How difficult is it to be a blogger in Saudi Arabia?  Not so hard, it turns out.  According to “Saudi Jeans,” the nom de plume for 25-year-old Ahmed Al-Omran, many topics can be discussed by the more than 10,000 bloggers in Saudi Arabia without facing reprisals from local authorities.

“I avoid writing about the royal family,” he told a video conference with American bloggers last week.  Otherwise, quite a number of political and social topics can be discussed.

Saudi government media watchers do occasionally try to block certain views, but without much success.  “They can’t control the media any more but they don’t seem to realize it.  Whatever gets censored gets on the Internet a few hours later,” Al-Omran says.

“Saudi Jeans” is widely read – about 30-50,000 page views per month, in English.  Ahmed also writes a separate blog in Arabic, but the content is different.  (Al Jazeera in English is also quite different in content — more liberal — than in Arabic.  In the same way, Saudi bloggers writing in English feel less constrained than when they write in Arabic.)
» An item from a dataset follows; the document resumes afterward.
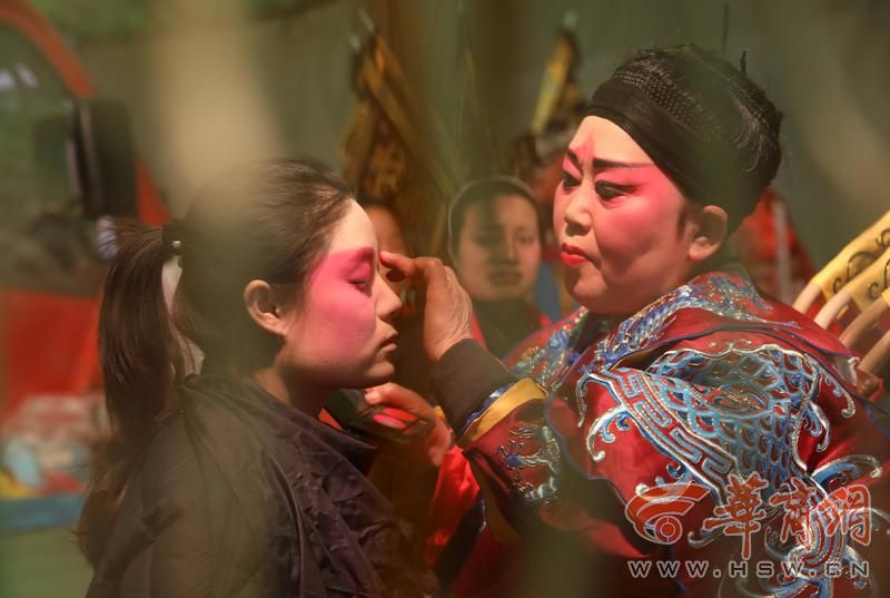 3月20日,记者早晨8点多赶到哑兴村。村里还特意搭起戏台,唱响经典秦腔大戏。早晨演出的是秦腔经典剧目《金沙滩》,秦腔演出的现场已经坐了数百位观众等候着大戏开演。后台周至秦艺演出有限公司的演员们正在精心化妆,9点大戏准时开演,演员们唱腔铿锵,将剧中人物的家国情怀演绎得淋漓尽致,舞台下看戏的人越来越多,将舞台前围得水泄不通,到高潮处戏迷们不时鼓掌喝彩、点头称赞。
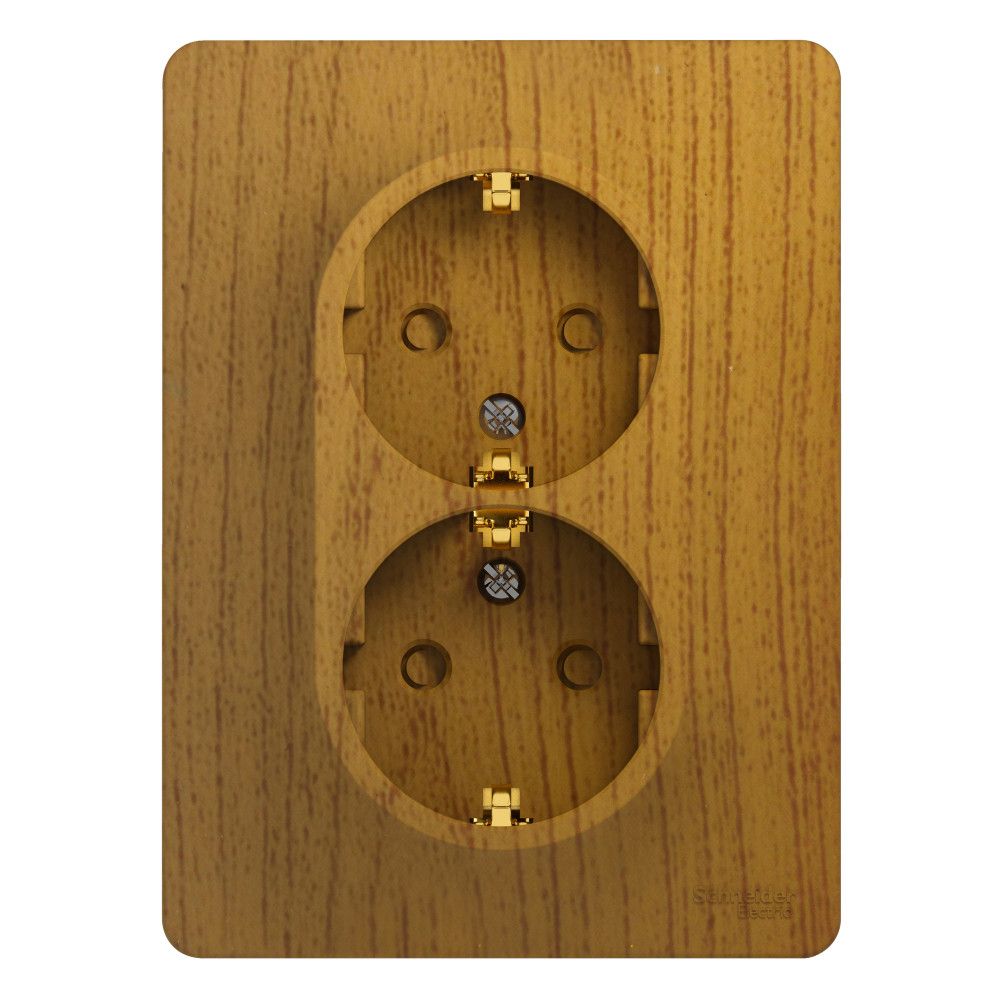 Розетка двойная Systeme Electric (ранее Schneider Electric) серии Glossa (в сборе, цвет дерево дуб) с заземлением и шторками подходит для сетей 250 В, на ток 16 А.

We asked “Saudi Jeans” how the political protests in Iran affected expression on the other side of the Persian Gulf.   “For one thing, public demonstrations are not allowed in Saudi Arabia,” says Al-Omran, so the very idea of demonstrations taking place in Iran was quite important.   “When we saw the importance of Twitter in Iran we began to apply it here (in Saudi Arabia) as well, but authorities began blocking it,” he says.

“What do we do when we want to protest publicly?  We go to the Internet and start a campaign online,” says Saudi Jeans.  Eventually, the blogosphere over Saudi Arabia may get more crowded and more free.  It is not the same as an entirely free media environment, but it’s a start.